3.3. Habitat Suitability Distribution of Hyalomma Vector Ticks

In Iraq, the species’ suitable habitat is limited to a portion of the total land, representing approximately 51% (225,665 km2) of the entire 441,724 km2 region. Among these suitable areas, the majority, 41.57% (183,631 km2), were considered to have low suitability, while 8.61% (38,039 km2) were moderately suitable, and only 0.9% (3994 km2) were highly suitable. High-risk areas for the spread of CCHF include the southern parts of the Dhi-Qar, Mysan, and Basra provinces. Parts of the capital city, Baghdad, are also risky areas for the dispersal of the vector ticks under the conditions considered in the model building (Figure 4). Moderately risky areas include certain sites across Diyala, Wasit, and Almuthanna in the southern part of Iraq. In the north, small areas in Duhok, Erbil, Kirkuk, and Ninaw also fall within the moderately risky areas (Figure 4).
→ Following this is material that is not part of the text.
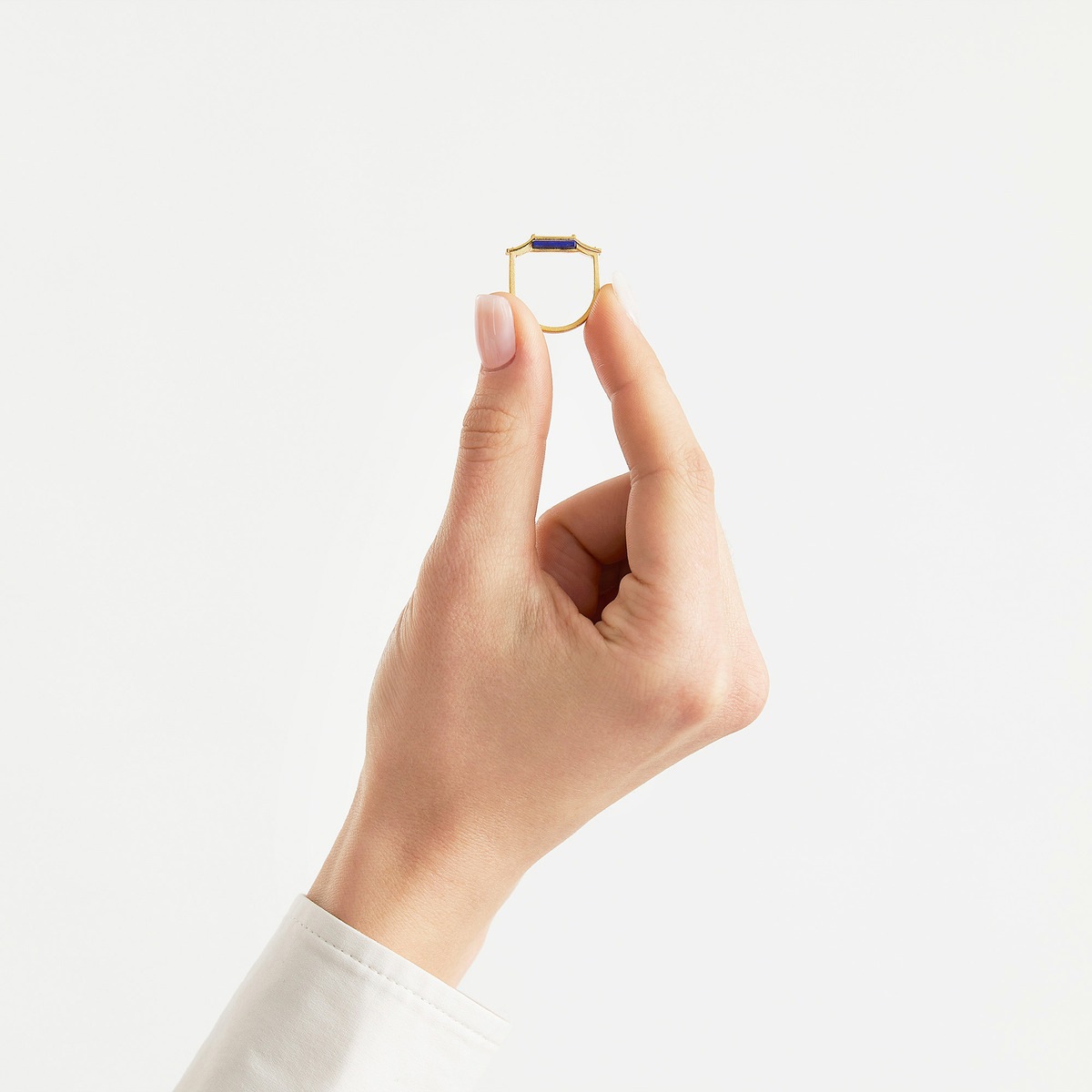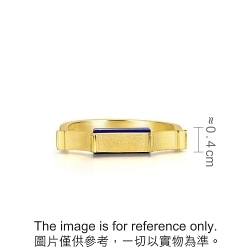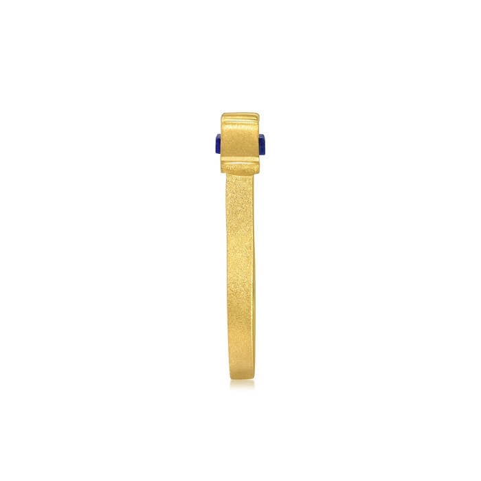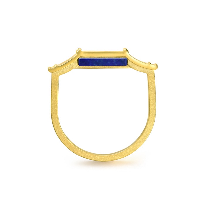 故宮宮廷文化g*系列足金青金石戒指,將宏偉的太和殿建築輪廓化為簡約脫俗的設計語言,經典再現「築」主題元素的雅致格調。工匠打造出飾品的造型,將古時飾品中象徵威嚴崇高的青金石,鑲嵌於太和殿輪廓的足金主軸上,巧妙糅合傳統文化韻味和現代設計,大氣恢宏,於金光燦燦的琉璃金頂中,盡顯皇家古雅氣派。

Significant portions of the country, such as the north, northeast, and western areas of Anbar, demonstrated unsuitable habitats for Hyalomma vector ticks in Iraq (Table 3).

4. Discussion

4.1. Modeling Limitations

The process of making predictions using models, whether individual or combined (ensemble models), involves certain inherent uncertainties. These uncertainties are influenced by various factors, such as biological aspects, the quality and consistency of input data, and climate models [40]. Certain measures are usually taken to minimize uncertainties, like verifying spatial accuracy, spatial thinning, and creating bias files during model building; the model outputs can still have some level of uncertainty, particularly concerning the limited number of occurrence records in this study. Although Maxent is known for working well under such circumstances, the spatial representation of occurrence records within the model boundary may produce outputs that are more reliable. Previous studies have already highlighted the presence of uncertainties in different species distribution models (SDMs) when estimating the spatial representation of species [41,42]. In this research, necessary steps were taken to minimize potential uncertainties, including checking spatial accuracy and ensuring a representative spatial distribution of occurrence records. Although models are chosen based solely on performance metrics, they may not fully represent the true uncertainties associated with the predictions. Understanding the contribution of each model to an averaged prediction can be a complex task, but accurately quantifying and managing uncertainty continue to be challenges in distribution modeling.
Modeling in this study neglected the significance of data related to wild animals (e.g., wild boar and birds) in influencing the potential distribution of Hyalomma ticks in environmentally suitable areas. Nevertheless, despite this absence of data, this study effectively mapped the environmental suitability of Hyalomma ticks capable of transmitting the CCHF virus. Moreover, this study marked the first attempt to estimate the ecological niches of Hyalomma ticks in Iraq. Therefore, further studies should consider taking into account various wild animals, such as pigeons, hedgehogs, foxes, dogs, and jackals, confirmed case reports of CCHF, and, most importantly, tick species profiles, particularly hard ticks, as they are usually associated with the CCHF disease. In addition, particular attention should be given to establishing spatial information (tracking data) on herd traders at both local and regional levels.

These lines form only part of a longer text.